Un título que le queda grande a un poder lleno de zafios e improvisados.
Tendrán que pasar aún muchos años antes de que logremos llegar a un Congreso con el suficiente grado de madurez como para tratar con solvencia y eficacia los asuntos más graves de la República. El clima que se ha estado viviendo con la puesta en marcha del juicio político a la Fiscal General del Estado ha trasitado todos los estadíos, desde un intento serio de conducir un debate prolijo y productivo hasta las más grotescas prácticas del insulto grosero y descalificante.
Se sobreentiende que una de las formas de patear el tablero y volver inviable un acto legislativo es apelar al discurso agresivo, confuso y desviado hacia cualquier dirección con tal de trabar cualquier avance en el accionar parlamentario.

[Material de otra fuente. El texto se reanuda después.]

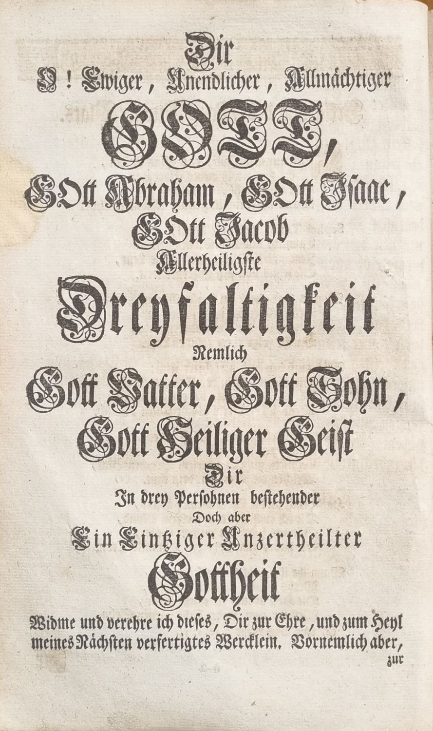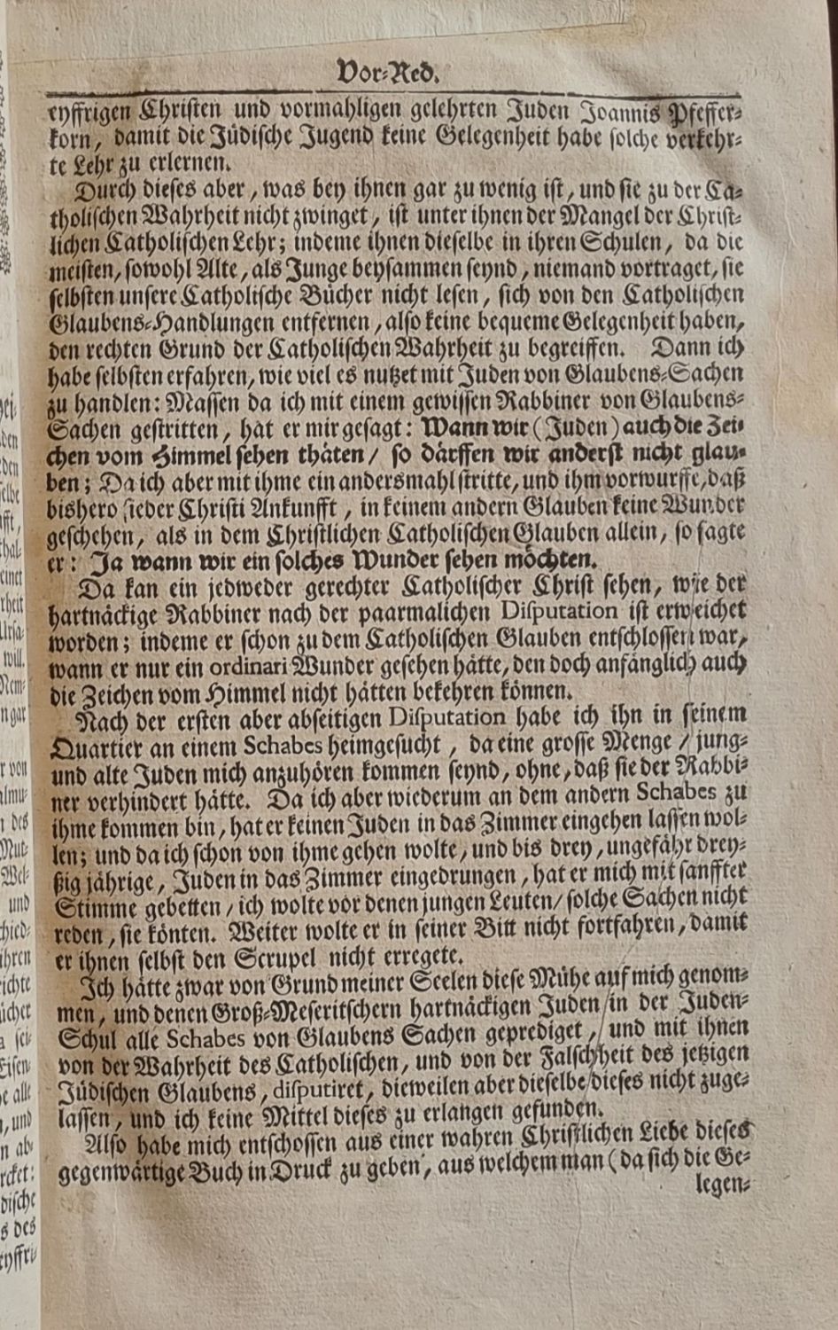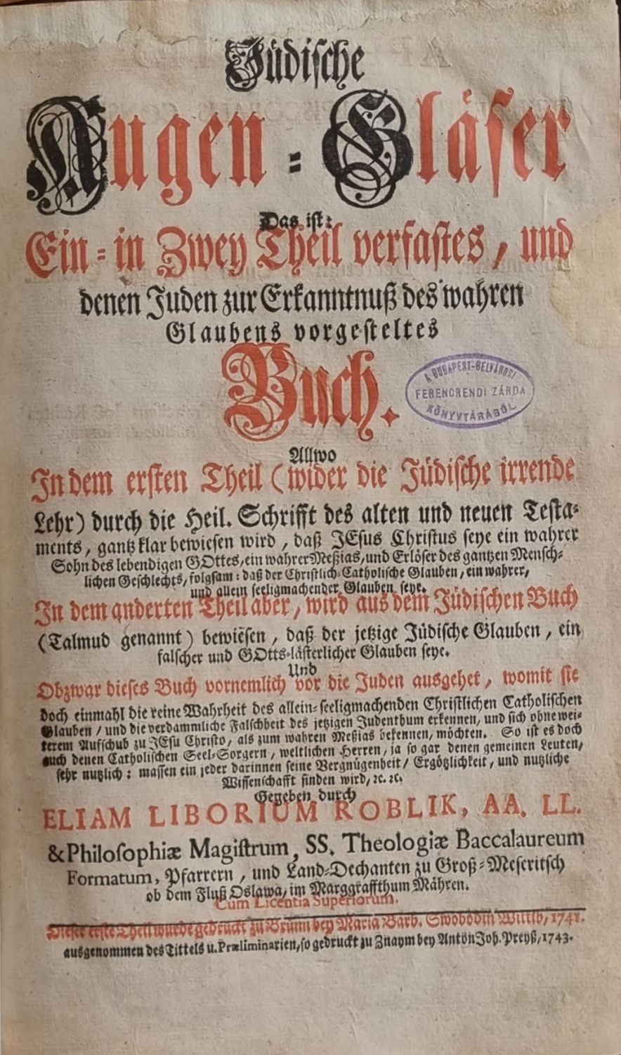 Jüdische Augen = Gläser Das ist: Ein = in Zwey Theil verfastes, und denen Juden zur Erkanntnuß des wahren Glaubens vorgesteltes Buch. Allwo In dem ersten Theil (wider die Jüdische irrende Lehr) durch die heil. Schrifft des alten und neuen Testament, gantz klar beweisen wird, daß JEsus Christus seye ein wahrer Sohn des lebendigen GOttes, ein wahrer Meszias, und Erläser des gantzen Menschlichen Geschlechts, folgsam: daß der Christlich=Catholische Glauben, ein wahrer, und allein seeligmachender Glauben seye. In dem anderten Theil aber, wird aus dem Jüdischen Buch (Talmud gennant) beweisen, daß der jetzige Jüdische Glauben, ein falscher und GOttesĺ=lästerlicher Glauben seye. Und Obzwar dieses Buch vornemlich vor die Juden ausgebet, womit sie doch einmahl die reine Wahrheit des allein=seeligmachenden Christlichen Catholischen Glauben/ und die verdammliche Falschheit des jetzigen Judenthum erkennen, und sich ohne weiterem Aufschub zu JEsu Christo, als zum wahren Meszias bekennen, möchten. So
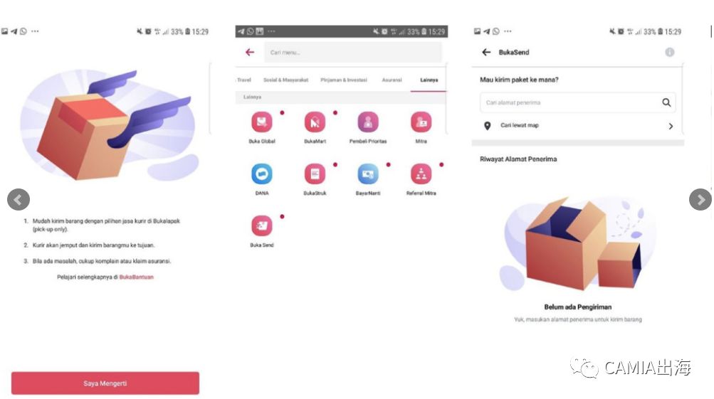 BukaSend仅在应用程序中提供,有两个优点。第一个是“上门取件”允许用户不再需要将货物运送到代理商,因为快递合作伙伴将来到取货地点;第二个是“实时跟踪”,允许用户知道正在交付的货物的位置。
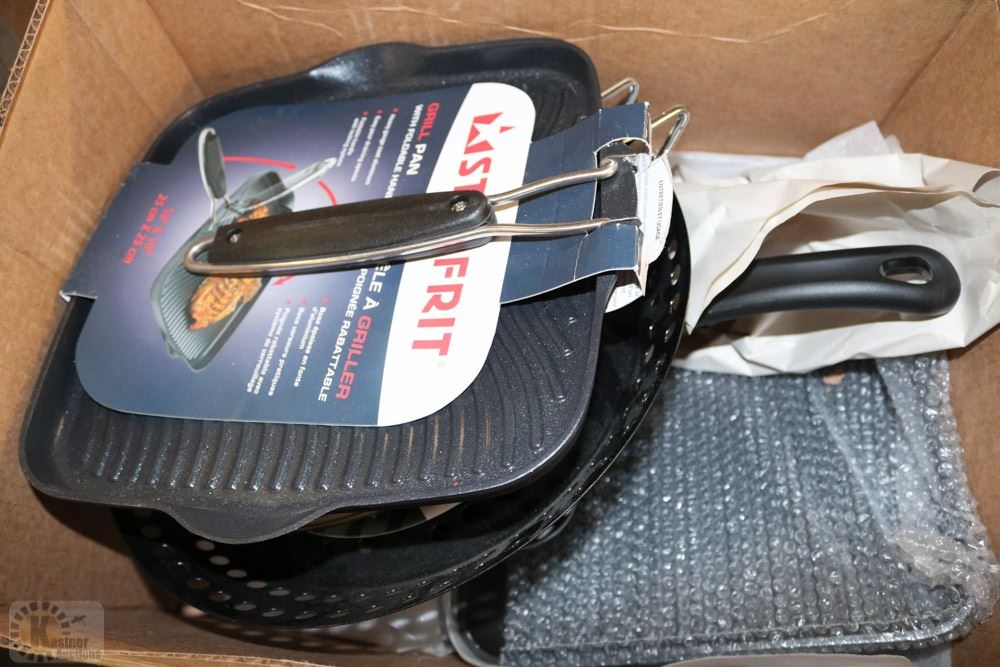 BOX OF NEW FRYING PANS ETC

Aunque sucio y condenable, es un recurso de la política de baja calidad para impedir que determinados procesos legislativos lleguen a término.
En el arranque de la sesión extraordinaria abierta el domingo pasado se escucharon despropósitos de toda clase, desde insinuaciones de conductas personales supuestamente reprochables hasta la difusión de comunicados fraguados con el fin de apelar a pertenencias religiosas que nada tienen que ver con la marcha de la República que desde 1992 se abrazó al Estado laico.
Un juicio político genera una enorme expectativa. Reclama, a la dirigencia sus mejores mentes porque debe ser siempre un ejercicio riguroso de potestades que, llevadas a término con ajuste a los procedimientos previstos en la Constitución, producen un efecto directo en la vida democrática y da lugar a cambios inmediatos y profundos en la vida de las naciones.
Sin embargo, pese a la solemnidad de un acto de importancia institucional, muchos políticos optan por devaluarlo apelando a los recursos más bajos para cobrarse cuentas personales y pasando a un segundo plano el objetivo fundamental de la convocatoria.
Salvo algunos pocos legisladores que hicieron el intento de honrar el clima formal que requiere un juicio político, la gran mayoría derrapó en anécdotas de pésimo gusto, utilizando el lenguaje propio de las reyertas prostibularias, obligando una y otra vez a la presidencia de la cámara a enrostrar a camorreros y buscapleitos el reglamento interno.
El pomposo rotulo de “honorable cámara” todavía le queda grande a un poder constitucional degradado por zafios e improvisados. Ojalá el próximo periodo se sacuda de esta polvareda que lo degrada.